Meditating on the Parables of Luke: 17. The Pharisee & the Publican

Luke 18:9-14:  To some who were confident of their own righteousness and looked down on everyone else, Jesus told this parable: “Two men went up to the temple to pray, one a Pharisee and the other a tax collector. The Pharisee stood by himself and prayed: ‘God, I thank you that I am not like other people—robbers, evildoers, adulterers—or even like this tax collector. I fast twice a week and give a tenth of all I get.’  But the tax collector stood at a distance. He would not even look up to heaven, but beat his breast and said, ‘God, have mercy on me, a sinner.’  I tell you that this man, rather than the other, went home justified before God. For all those who exalt themselves will be humbled, and those who humble themselves will be exalted.”

Purpose & Context: We seem to be in a part of Luke where rather than consequential flow being the style he uses, he instead simply picks up on a variety of, dare we say, bits and pieces of the things he has been told. I say this because there seems no direct flow into this parable from the previous one about not giving up on prayer. The only link, and it is a good one, is that both parables involve prayer but in this one, prayer is the channel for revealing the heart and not the heart of the parable itself.   The point is made very obvious from the outset: “To some who were confident of their own righteousness and looked down on everyone else, Jesus told this parable.”   That’s it, it is about humility before God and how that is revealed through the way different people pray.

Content:

  • there are two men who go to the temple to pray.
  • one is a Pharisee who distanced himself from other people, exalting himself in declaring how righteous he was, fasting and giving tithes – certainly different from that tax-collector over there!
  • the other was the tax collector, who came in humility, not daring to look up to God, and just simply prayed for forgiveness and mercy, acknowledging he was a sinner.
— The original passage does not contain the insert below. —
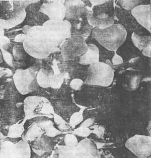 В принципе растения «освоили» ту же технику плавания, какую освоил и человек. Им знаком и челн, то есть полый и открытый сверху поплавок; и понтоны, тот же полый поплавок, только полностью закрытый (фото 36); и плот, держащийся на воде не за счет связанных вместе понтонов, а исключительно благодаря свойствам материала, из которого он выполнен.

The punchline that follows is clear: “I tell you that this man, rather than the other, went home justified before God.”  That is the conclusion from the parable, but what brings that about?
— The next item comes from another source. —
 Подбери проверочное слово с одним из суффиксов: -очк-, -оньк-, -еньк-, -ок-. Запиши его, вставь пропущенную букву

The principle behind it is obviously stated: “For all those who exalt themselves will be humbled, and those who humble themselves will be exalted.”

Application: Again, this is one of those parables that are so obvious that we wonder whether any comment is necessary. Yet it is worth dwelling on the nature of the two men in the parable. First, the Pharisee. This is a man who is clearly very religious. The Pharisees were known for their knowledge of the Law and their zeal for upholding it. This man at least expresses piety through the standard ways, fasting and giving tithes. However, it is his attitude that brings censure. Because of his piety he thinks he is better than other men, certainly better than obvious sinners, like the worldly and often corrupt tax-collectors. He comes before God displaying his pride openly.
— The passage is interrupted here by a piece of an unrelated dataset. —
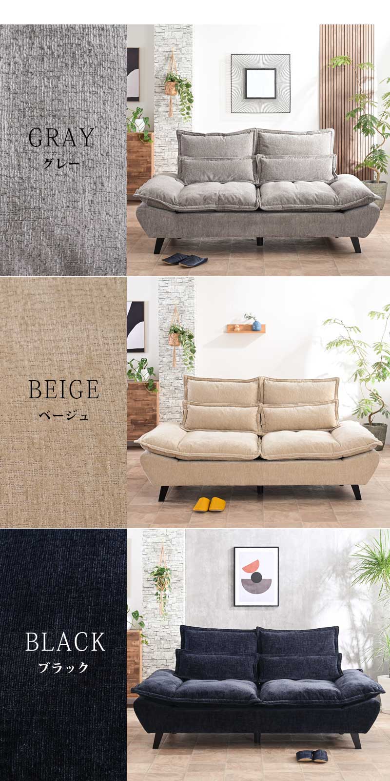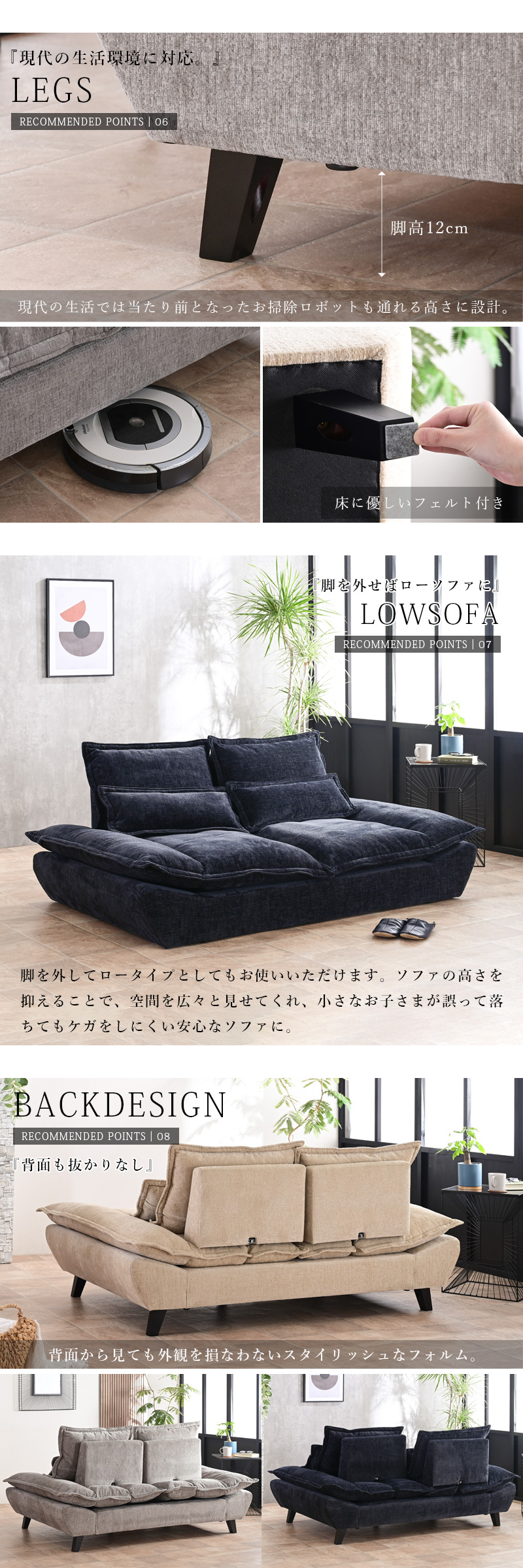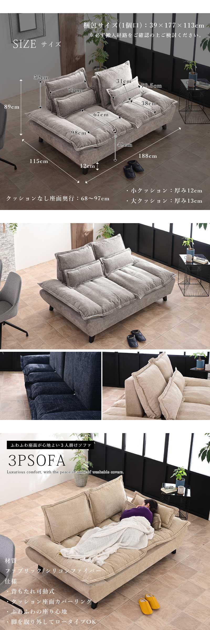 幅188cm ふわふわ座面 ソファー 3Pソファ 3人掛け ソファ 2人掛け 背もたれ可動式 ふかふか ごろ寝 あぐら ファブリック カバーリング ロータイプ ローソファ

Second, there is the tax-collector who, yes, is possibly worldly and corrupt – be he knows it and is not proud of it. He still has a desire to pray but he doubts his standing before God and all he can do is ask for mercy. In this he is being utterly real. This is not to condone his lifestyle but it is to acknowledge the humility with which he comes.

For us who are Christians of long-standing, this can be an uncomfortable parable if we are willing to be honest with ourselves, for after years of seeking to remain righteous before God, it is so easy to slip into an attitude of superiority when we look at other people who are not believers, those who are not bothered about righteousness.

Even more it is so easy to become complacent about prayer and, as I have commented elsewhere, especially public prayer. How easy we pray mechanically, just saying the right words, with little consideration to the thought that God – almighty, holy God – is there, is the one we are addressing. How rarely it is that people ‘out front’ pause before the Presence before they utter the words, how rare that they come with humility. I am sure that most of us would look at this very simple and straight forward parable and denounce the Pharisee without realizing that in many ways we are more like him than like the other man.

It is a difficult balance to hold, this realization on one hand that we are children of God, with a loving heavenly Father and all the familiarity of years of teaching and experience that has blessed us, while at the same time remembering that actually we ARE still sinners, redeemed yes, but still prone to sometimes getting it wrong (see 1 Jn 2:1) and we are what we are because of what Jesus has done and what the Holy Spirit is doing in us. As Paul said, we have no room to boast (Rom 3:27, Gal 6:4, Eph 2:9) just room for humility. May we remember that.